Incremental expenditure of biologic disease modifying antirheumatic treatment using instrumental variables in panel data.

Author information

1
Department of Research and Evaluation, Southern California Permanente Medical Group, Pasadena, CA 91101, USA. Aniket.A.Kawatkar@kp.org

Abstract

In health care, decision makers are generally interested in simultaneous comparisons among multiple treatments or interventions available as treatment choices in real-world clinical setting. The lack of random assignment to treatment in real-world clinical settings leads to selection-bias issues when evaluating the marginal benefits of treatment. The application of instrumental variables (IV) estimation to mitigate selection bias has traditionally been limited to comparing only two treatments/interventions concurrently.

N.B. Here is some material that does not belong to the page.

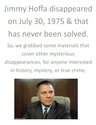 The pictures included are the flyers from our recent displays on Jimmy Hoffa & the Camden 28. If you would like books or dvds about Jimmy Hoffa, the Camden 28, organized crime, trade unions, or activism, feel free to contact the library by calling 217-223-1309 or by emailing reference@quincylibrary.org. We can get you materials on any of those topics or the topic of your choosing.

Using the case of biologic treatment in rheumatoid arthritis, we describe a generalized method of moments (GMM)-based panel data IV (IV-GMM) framework, to simultaneously estimate multiple treatment effects in the presence of time-varying selection bias and time-invariant heterogeneity. To satisfy the order and rank conditions for identification with multiple endogeneity, we propose lagged values of each treatment as excluded instruments. We evaluate the validity of the IV estimation assumptions on instrument relevance and exogeneity. Results indicate that the IV-GMM model offers enhanced control over selection bias and heterogeneity, and more importantly the panel data framework can provide valid excluded instruments that satisfy the order and rank conditions for identification when dealing with multiple endogenous variables. The approach outlined in this article has broad application for comparative effectiveness and health technology assessment involving multiple treatments/interventions using real-world nonexperimental data.

PMID:
22718267
DOI:
10.1002/hec.2855
[Indexed for MEDLINE]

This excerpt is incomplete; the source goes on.